Records for the exercise:
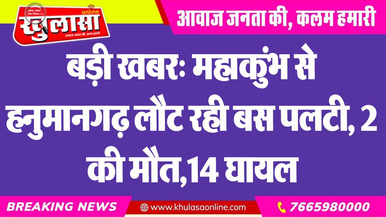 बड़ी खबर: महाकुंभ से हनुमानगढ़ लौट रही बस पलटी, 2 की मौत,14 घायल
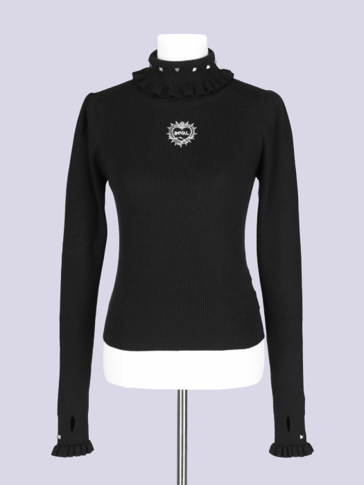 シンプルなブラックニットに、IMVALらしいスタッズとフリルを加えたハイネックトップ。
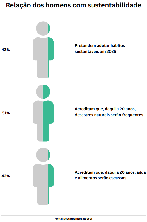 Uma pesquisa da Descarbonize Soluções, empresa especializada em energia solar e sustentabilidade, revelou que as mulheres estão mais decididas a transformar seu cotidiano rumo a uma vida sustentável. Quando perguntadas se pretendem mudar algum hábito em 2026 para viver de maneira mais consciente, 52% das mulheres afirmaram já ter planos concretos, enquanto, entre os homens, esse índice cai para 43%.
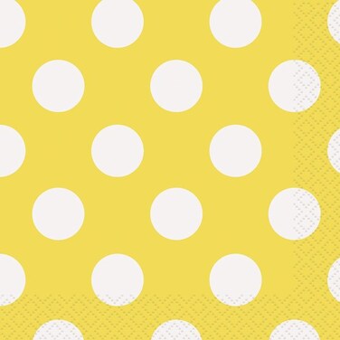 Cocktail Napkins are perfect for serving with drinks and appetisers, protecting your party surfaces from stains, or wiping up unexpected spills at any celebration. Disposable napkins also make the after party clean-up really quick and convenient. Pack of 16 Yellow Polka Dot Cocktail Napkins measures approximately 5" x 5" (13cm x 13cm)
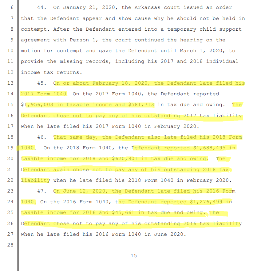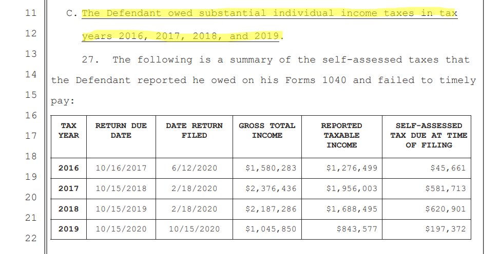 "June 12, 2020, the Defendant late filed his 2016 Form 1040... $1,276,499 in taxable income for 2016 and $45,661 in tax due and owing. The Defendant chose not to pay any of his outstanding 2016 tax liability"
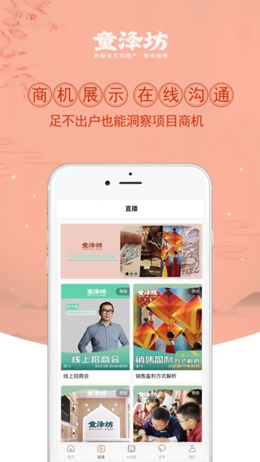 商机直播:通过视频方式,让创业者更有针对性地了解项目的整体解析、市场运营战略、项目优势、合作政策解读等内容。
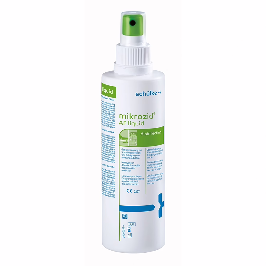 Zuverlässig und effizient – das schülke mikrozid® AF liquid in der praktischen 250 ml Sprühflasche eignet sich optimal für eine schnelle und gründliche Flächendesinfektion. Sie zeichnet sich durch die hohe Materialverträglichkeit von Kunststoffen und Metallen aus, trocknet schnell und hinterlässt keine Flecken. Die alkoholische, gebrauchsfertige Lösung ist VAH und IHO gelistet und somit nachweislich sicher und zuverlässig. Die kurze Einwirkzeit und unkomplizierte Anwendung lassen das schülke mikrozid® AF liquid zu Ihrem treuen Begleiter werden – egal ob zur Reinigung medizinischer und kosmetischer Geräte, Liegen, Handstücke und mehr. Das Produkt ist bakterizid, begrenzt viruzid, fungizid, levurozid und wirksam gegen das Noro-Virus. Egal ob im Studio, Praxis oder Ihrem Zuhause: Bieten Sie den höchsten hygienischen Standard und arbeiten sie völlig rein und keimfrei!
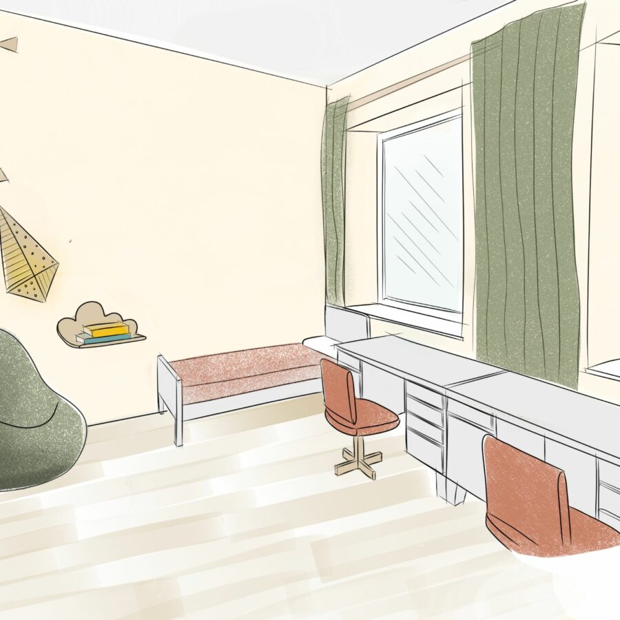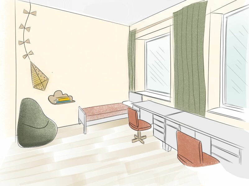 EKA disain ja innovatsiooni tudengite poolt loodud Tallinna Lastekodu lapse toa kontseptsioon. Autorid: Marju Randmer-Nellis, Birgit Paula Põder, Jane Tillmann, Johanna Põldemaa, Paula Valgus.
...
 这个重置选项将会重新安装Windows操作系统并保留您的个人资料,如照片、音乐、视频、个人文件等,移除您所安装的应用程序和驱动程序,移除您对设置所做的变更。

Work instructions: Beginning with the line above that has "12, 2020, the" and going on through the line that has "EKA disain ja", retype every line exactly and add nothing else; drop the pictures.

Solution:
 "June 12, 2020, the Defendant late filed his 2016 Form 1040... $1,276,499 in taxable income for 2016 and $45,661 in tax due and owing. The Defendant chose not to pay any of his outstanding 2016 tax liability"
 商机直播:通过视频方式,让创业者更有针对性地了解项目的整体解析、市场运营战略、项目优势、合作政策解读等内容。
 Zuverlässig und effizient – das schülke mikrozid® AF liquid in der praktischen 250 ml Sprühflasche eignet sich optimal für eine schnelle und gründliche Flächendesinfektion. Sie zeichnet sich durch die hohe Materialverträglichkeit von Kunststoffen und Metallen aus, trocknet schnell und hinterlässt keine Flecken. Die alkoholische, gebrauchsfertige Lösung ist VAH und IHO gelistet und somit nachweislich sicher und zuverlässig. Die kurze Einwirkzeit und unkomplizierte Anwendung lassen das schülke mikrozid® AF liquid zu Ihrem treuen Begleiter werden – egal ob zur Reinigung medizinischer und kosmetischer Geräte, Liegen, Handstücke und mehr. Das Produkt ist bakterizid, begrenzt viruzid, fungizid, levurozid und wirksam gegen das Noro-Virus. Egal ob im Studio, Praxis oder Ihrem Zuhause: Bieten Sie den höchsten hygienischen Standard und arbeiten sie völlig rein und keimfrei!
 EKA disain ja innovatsiooni tudengite poolt loodud Tallinna Lastekodu lapse toa kontseptsioon. Autorid: Marju Randmer-Nellis, Birgit Paula Põder, Jane Tillmann, Johanna Põldemaa, Paula Valgus.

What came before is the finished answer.